In this last phase of circuit assembly, we will be using an active low-pass filter to filter out the humps of our signal to produce a smooth signal for our microcontroller.

You will need the last TL072 chip (chip D), the two 80.8 kOhm resistors, the 100 kOhm trimmer, the 1 kOhm resistor and the 1.0 uF ceramic disc capacitor.

First, plug in chip D and connect +9V to pin 8, -9V to pin 4, and GND to pins 3 & 5. (image #1).

Now, grab one of the 80.6 kOhm resistors and connect one end to chip C’s pin 7. Connect the other end to chip D’s pin 6. Next grab the other 80.6 kOhm resistor use it to connect chip D’s pin 6 and 7. Do the same thing for the 1.0 uF capacitor. (image #2)

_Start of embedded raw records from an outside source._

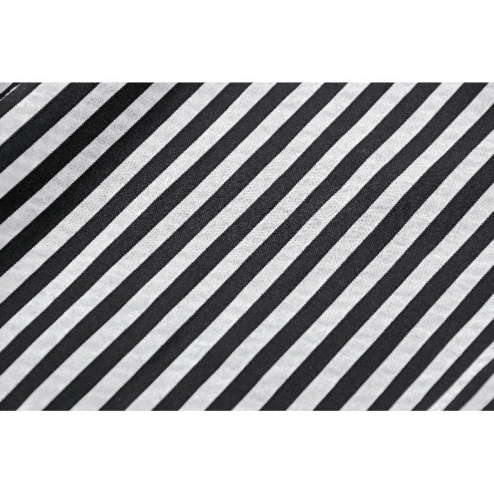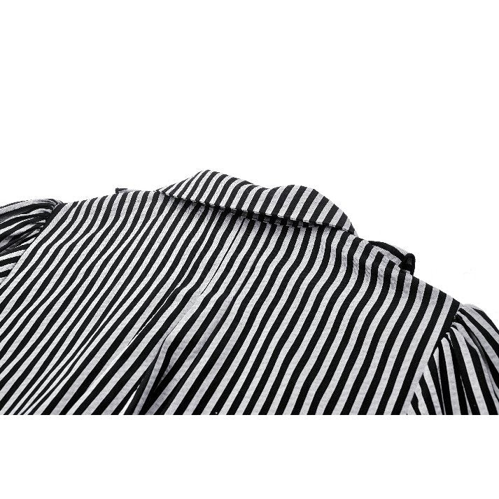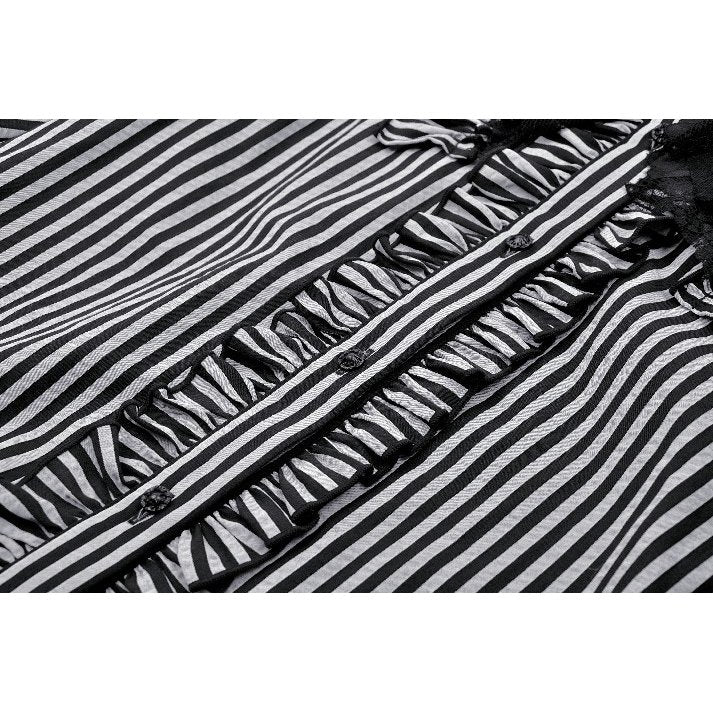 Get ready to rock the Gothic Lolita look with the Dark in Love Elsbeth Blouse. This unique piece features a removable lacey collar adorned with a skull pendant, adding a touch of edge to the classic black and white striped brocade fabric. The gently belled sleeves and ruffle trim on the front complete this must-have for fashion rebels.
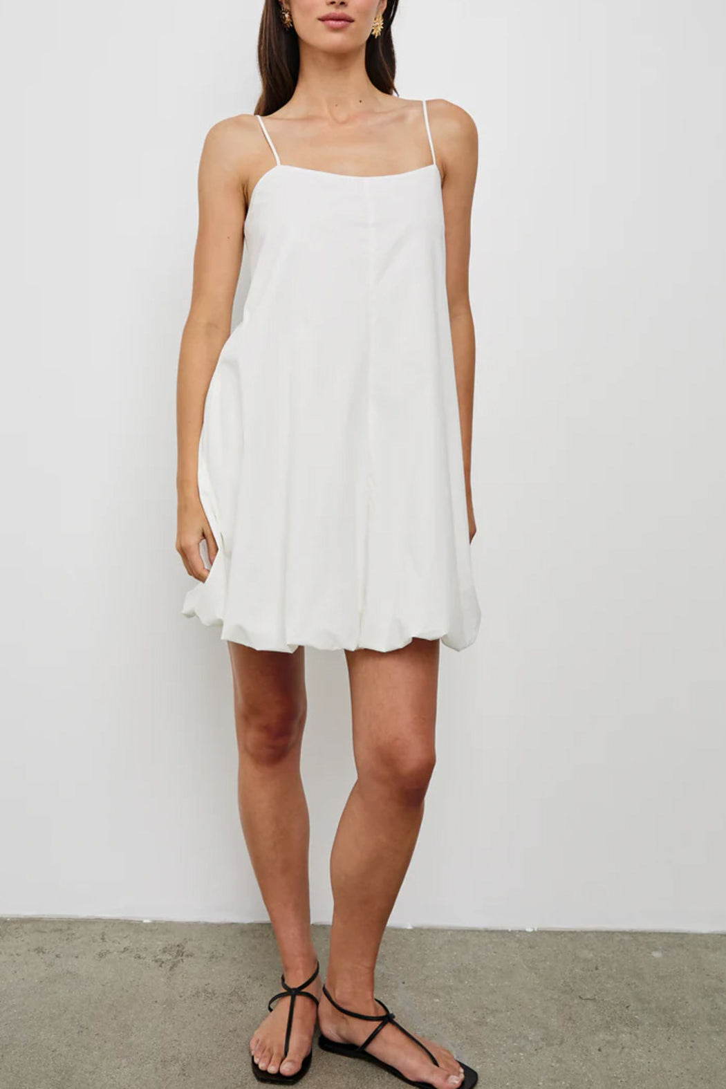 The Blanca is a bubble-hemmed mini dress with big personality. Crafted in crisp cotton poplin—fully lined—with subtle stretch and adjustable straps.
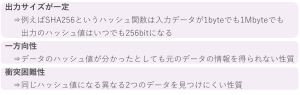 3点目は、衝突困難性ですが、同じハッシュ値になる異なる2つのデータを見つけにくいといった性質になります。データを見つけにくいと書いたのは、実は、同じハッシュ値になる異なるデータは存在していて、SHA-1というハッシュ関数は、この衝突困難性が破られたので、現在では使用されていません。
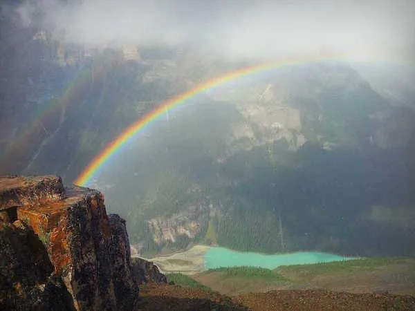 Rainbow over Lake Louise from the top of Mt. Fairview – Alberta, Canada
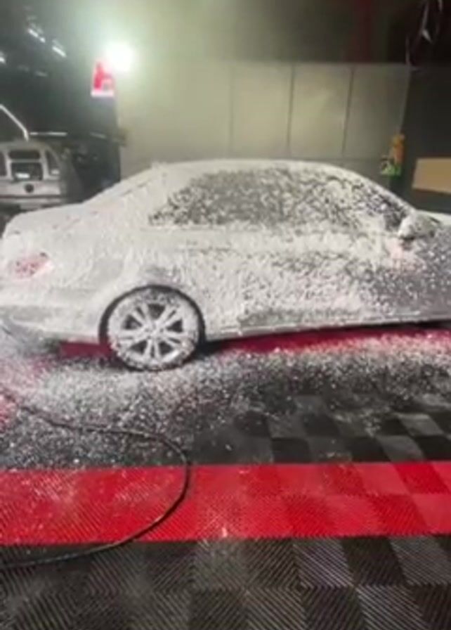 A silver car is covered in white foam in a garage or workshop. The car is a sedan. The foam covers the entire vehicle, including the tires. The floor has a checkerboard pattern in black and red. There's a coiled hose on the ground near the front tire. Other vehicles are partially visible in the background. The space is well-lit.
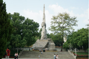 广州起义烈士陵园的道路两旁苍松翠柏、红花吐艳。纪念碑前的气氛庄严肃穆,园内有群众自发前来缅怀先烈。当时中国共产党人和革命群众为反抗国民党反动派的疯狂迫害和屠杀,1927年12月11日凌晨,在当时的中共广东省委书记张太雷以及叶挺、叶剑英、苏兆征、聂荣臻、徐向前领导下,发动了广州起义。崔镛健等150多名朝鲜人和苏联驻广州领事馆人员也参加了起义。由于敌强我弱,起义最终失败,在14日至19日的6天时间里,有5700多名共产党员和革命群众惨遭杀害。
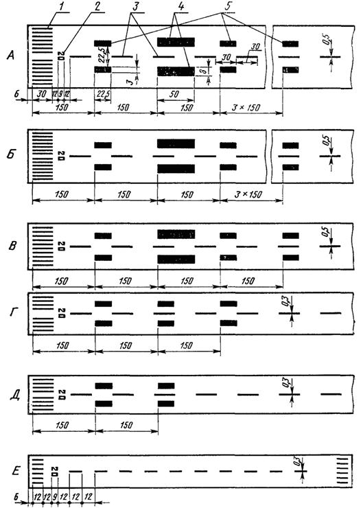 А Б В, Г, Д и Е - классы аэродромов; 1 - порог; 2 - цифровой знак ПМПУ; 3 - ось ИВПП; 4 - фиксированное расстояние; 5 - зона приземления
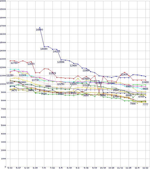 | [↓次グラフ]: | HDD 200~250GB未満の最安値推移 |
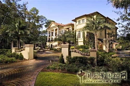 中國風景園林網訊 住宅整體看上去像是一座富豪或名人的住宅,也像是音樂電視里的住宅。宅院位于美國南卡羅來納州希爾頓黑德島上,是一個像度假莊園的住宅。

That’s the end of the filter circuit. However, since this is an active filter, there is a side effect of inverting the signal. We will need to invert the signal one more time (and have the ability to amplify it more if desired) using another inverting amplifier circuit with a trimmer configured as a variable resistor.

Use a jumper wire, connected to chip D’s pin 7, and the 1 kOhm resistor to bridge the board’s center gap. Use another jumper wire and connect the 1 kOhm resistor to chip D’s pin 2. Next, place the trimmer one row over with the pins laid out and a jumper wire connecting two of the pins as pictured. Finally, place the last two jumper wires as indicated. (image #3)

By using a screw driver and turning the trimmer, you will be able to adjust the gain of your signal to account for different signal strengths from different muscle groups. Start out with it set pretty low and go up from there (~20 kOhms).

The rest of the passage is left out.